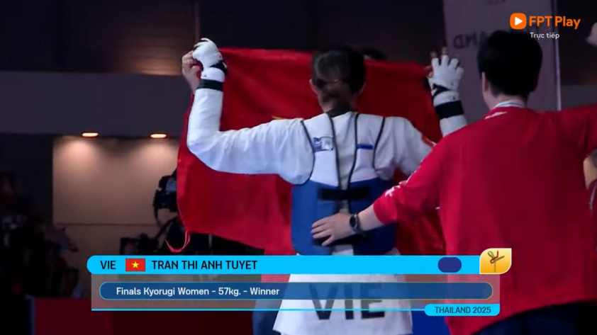 Ánh Tuyết mang về thêm một tấm HCV cho TTVN ở hạng cân 57kg nữ sau khi đánh bại võ sĩ chủ nhà Thái Lan.
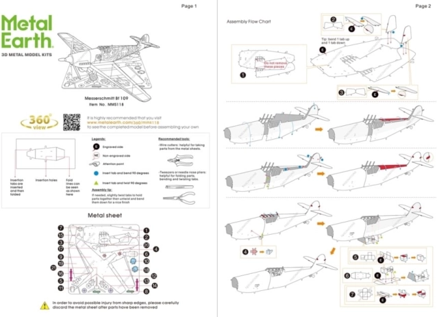 Lieferumfang: Das Set beinhaltet 1 Stahlfolie mit Teilen und eine ausführliche Montageanleitung. Das Werkzeug ist nicht enthalten und muss separat beschafft werden.
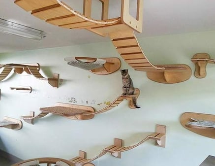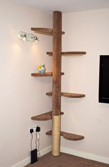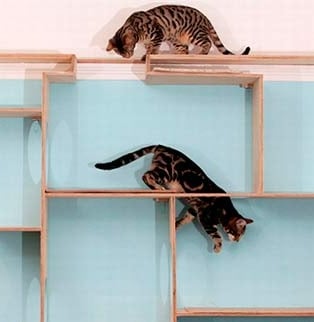 Outra maneira, mais bonita são os arranhadores e prateleiras feitos exclusivamente para gatos, como os modelos da Play Cat.
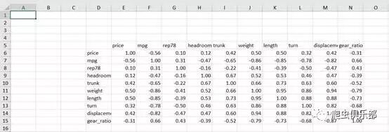 设定从D5单元格开始导入相关系数矩阵,选择项names表示保留矩阵行列名,nfor(number_d2)矩阵中的数值显示两位小数。
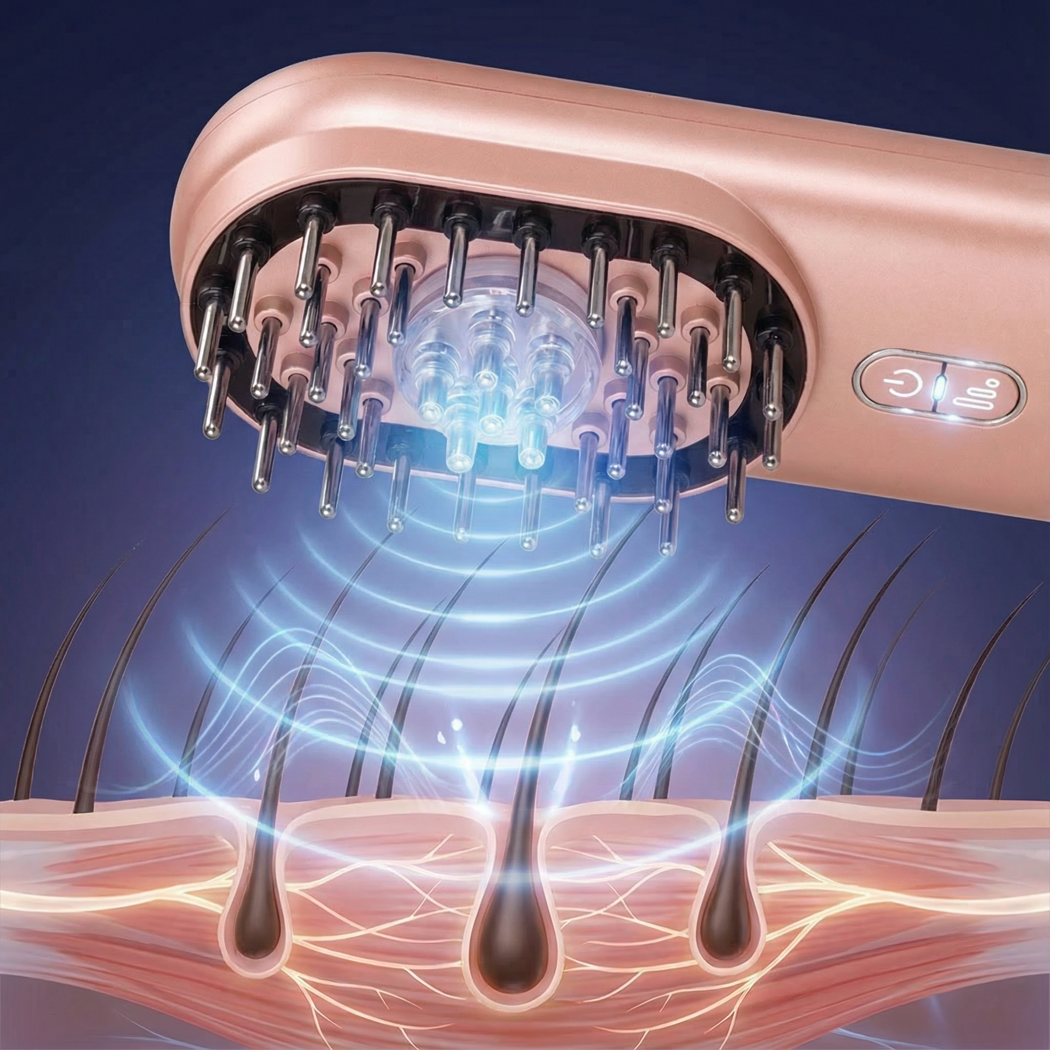 Eine sichere, nicht-invasive Energieform, die die Durchblutung steigert und inaktive Haarfollikel stimuliert, um neues Haarwachstum zu fördern.
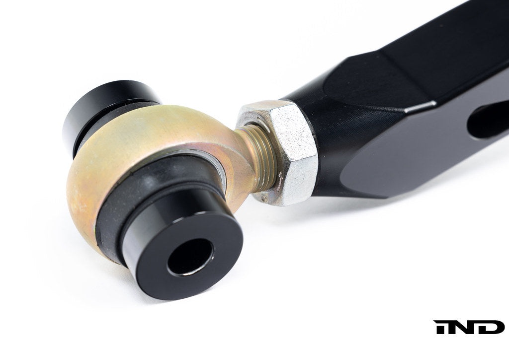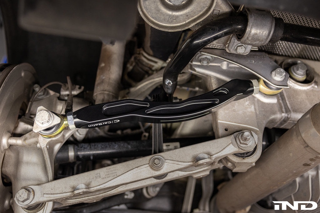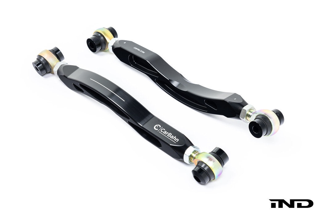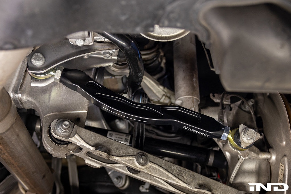 The stock rear toe link is built with rubber bushings and a curved forged alloy rod which can easily flex. During hard acceleration, this flex allows the rear wheels to have excessive toe changes. All this flex in the stock toe link causes the car to be unstable when pushing the limits of acceleration. CarBahn eliminates this flex by replacing the rubber bushings with Teflon coated machined steel rod ends, and the OEM curved bar with a straight billet aluminum rod. Most, if not all, of our competitors’ products wrap the rod end in a loose rubber boot, which not only allows water and debris to enter but also retains them which results in excessive noise and a short service life until the rod ends must be replaced. The CarBahn rod ends are sealed perfectly against water and environmental contamination, thus providing a long, quiet, maintenance-free service life.

+++

### What is required
The line holding "Lieferumfang: Das Set" starts the copy and the line holding "Eine sichere, nicht-invasive" ends it. Repeat those two lines above and all between them exactly, leaving out pictures.

### Output for this task
 Lieferumfang: Das Set beinhaltet 1 Stahlfolie mit Teilen und eine ausführliche Montageanleitung. Das Werkzeug ist nicht enthalten und muss separat beschafft werden.
 Outra maneira, mais bonita são os arranhadores e prateleiras feitos exclusivamente para gatos, como os modelos da Play Cat.
 设定从D5单元格开始导入相关系数矩阵,选择项names表示保留矩阵行列名,nfor(number_d2)矩阵中的数值显示两位小数。
 Eine sichere, nicht-invasive Energieform, die die Durchblutung steigert und inaktive Haarfollikel stimuliert, um neues Haarwachstum zu fördern.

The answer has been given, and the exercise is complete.